### SUPPLIED INFORMATION ###
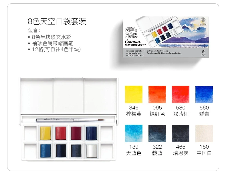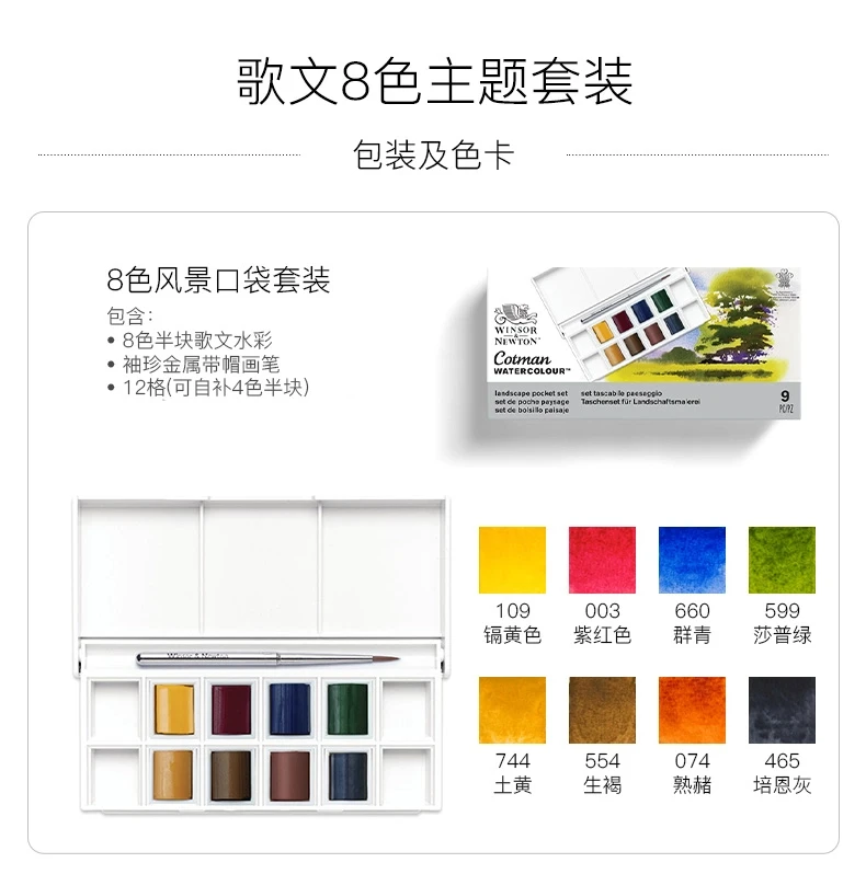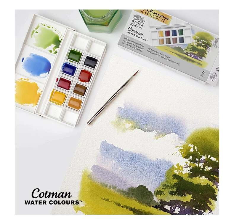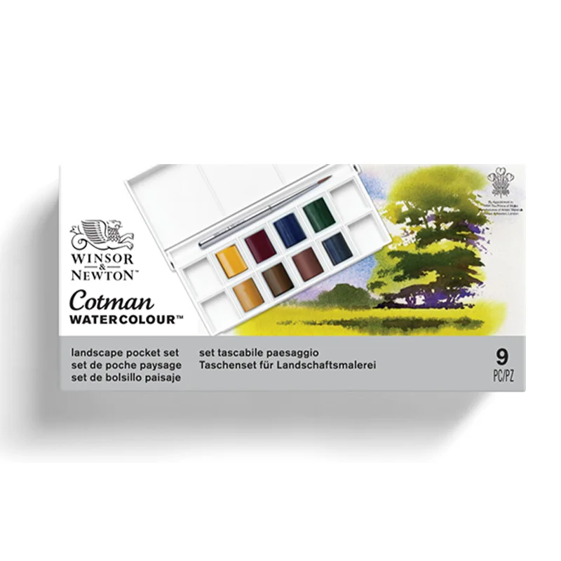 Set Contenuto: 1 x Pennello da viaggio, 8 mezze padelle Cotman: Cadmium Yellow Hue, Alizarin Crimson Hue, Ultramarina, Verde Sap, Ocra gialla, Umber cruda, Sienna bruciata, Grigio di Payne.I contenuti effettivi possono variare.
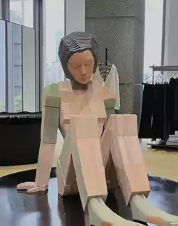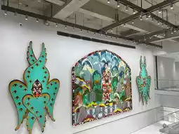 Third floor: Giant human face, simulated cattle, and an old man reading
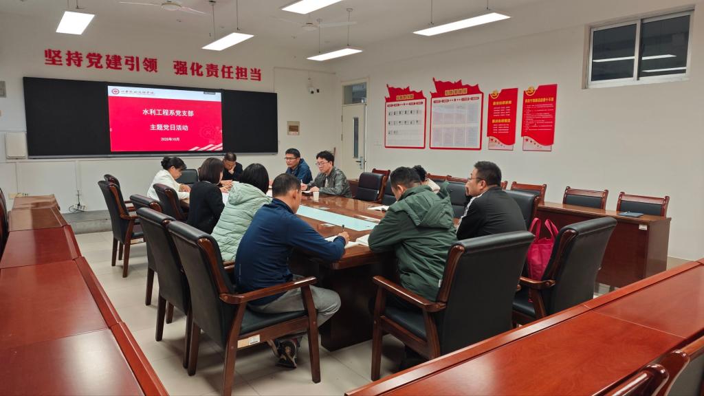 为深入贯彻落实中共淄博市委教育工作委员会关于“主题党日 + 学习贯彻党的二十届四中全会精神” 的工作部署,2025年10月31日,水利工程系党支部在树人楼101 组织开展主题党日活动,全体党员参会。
###
# GOAL OF THE EXERCISE
Transcribe every line of the listing above exactly; skip the pictures.

# WRITTEN ANSWER
 Set Contenuto: 1 x Pennello da viaggio, 8 mezze padelle Cotman: Cadmium Yellow Hue, Alizarin Crimson Hue, Ultramarina, Verde Sap, Ocra gialla, Umber cruda, Sienna bruciata, Grigio di Payne.I contenuti effettivi possono variare.
 Third floor: Giant human face, simulated cattle, and an old man reading
 为深入贯彻落实中共淄博市委教育工作委员会关于“主题党日 + 学习贯彻党的二十届四中全会精神” 的工作部署,2025年10月31日,水利工程系党支部在树人楼101 组织开展主题党日活动,全体党员参会。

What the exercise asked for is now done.